For untruthful, misleading, or otherwise low-quality information to be impactful in the public sphere, it must reach a large number of different types of people. There are an untold number of absurd, outlandish, and bizarre claims made on social media every day. In isolation, this information is—at least from a broad social perspective—harmless. It is only when these claims reach and persuade significant numbers of people that they exert a meaningful impact on our social and political discourse. The most impactful countermedia claims are, as such, those that become so popular they are reported on, fact-checked, and analyzed by the mainstream press. Even though these topical claims (related to, for example, Pizzagate or COVID-19 vaccines or election integrity) may be labeled as incorrect, false, or misleading by the mainstream press, the mere fact that the information is being addressed by the news indicates that the issue has entered the public debate. In this way, the press can inadvertently serve as an agent of amplification.
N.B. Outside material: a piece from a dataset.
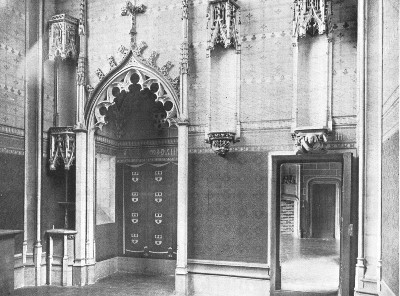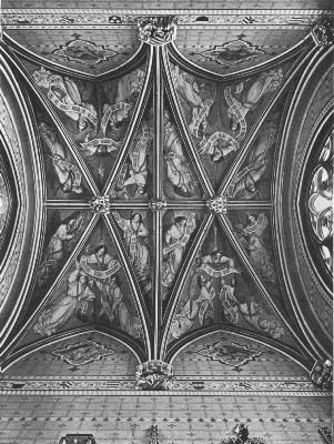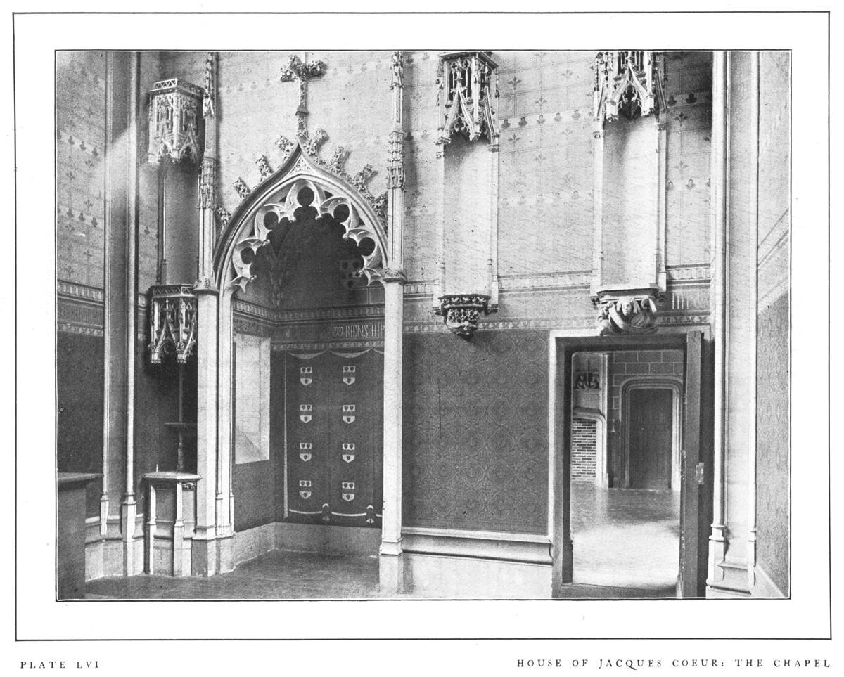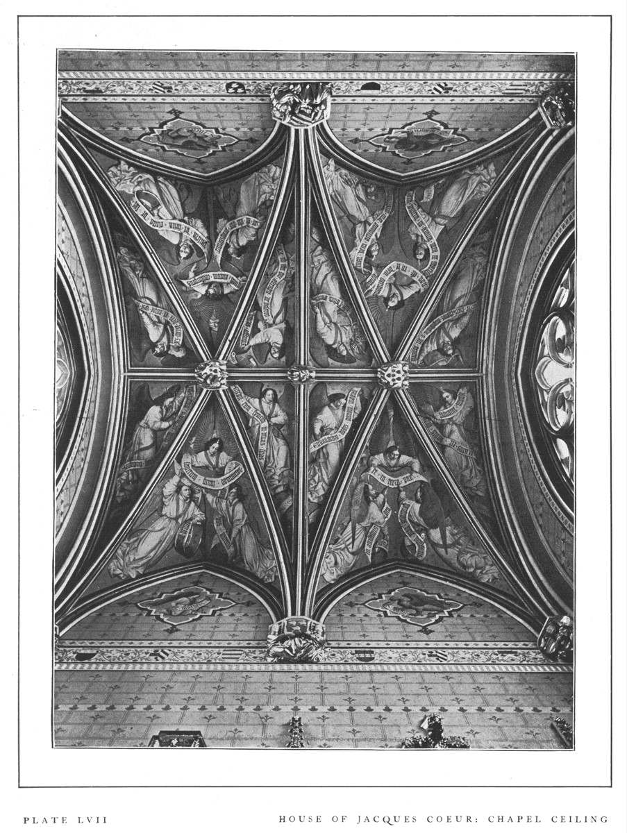 The only room of architectural interest in the interior, which has been largely remodelled to serve the various public uses to which the building has since been put, is the chapel (Plates LVI. and LVII.). Here the side walls have suffered from too ardent restoration; but the splendid painted ceiling is intact. It is divided by ribs, the bosses of which are decorated with the arms of Jacques Cœur and those of his wife, into twelve triangles, four large and eight small ones; and within these triangles, relieved against a background of gold-starred blue, angels bearing ribbons inscribed with scriptural texts are painted. The breadth and beauty of the design, the sobriety and harmony of the color-scheme and the excellence of execution gives this ceiling first importance as a document in the history of French decorative painting.

From a regulatory perspective, democratic governments have very few viable options when addressing false, misleading, and hyper-partisan claims online. The ability to speak one’s mind is a critical aspect of a free society. However, by recognizing that there exists a broad class of countermedia content providers that straightforwardly seek to inject low-quality and often hyper-partisan information into the public sphere, governments can scrutinize the fraudulent financial incentives that often sustain these entities. Media organizations, by recognizing that they are in competition with a class of bad faith content machines, can allocate reporting resources to the funders, tactics, and practices of these informational sources and also seek to be more selective when publicizing countermedia claims (even for the purposes of fact-checking). By acknowledging that there exists a broad group of content providers that primarily seek to undermine the mainstream press, social media platforms can make more responsible choices when it comes to algorithmically boosting countermedia sites.
When offering the above suggestions, I often get accused of acting as a sort of apologist for the mainstream media. I do not think the mainstream press is perfect or, itself, without need for reform. But baseline journalistic norms (however imperfectly realized) around objectivity, truth, verifiability, accountability, and transparency are critical for a stable and tolerant public sphere that prioritizes long-term public and democratic health. Countermedia producers have adopted none of these norms because, fundamentally, they represent movement towards a repressed, restricted, and, ultimately, undemocratic public organ.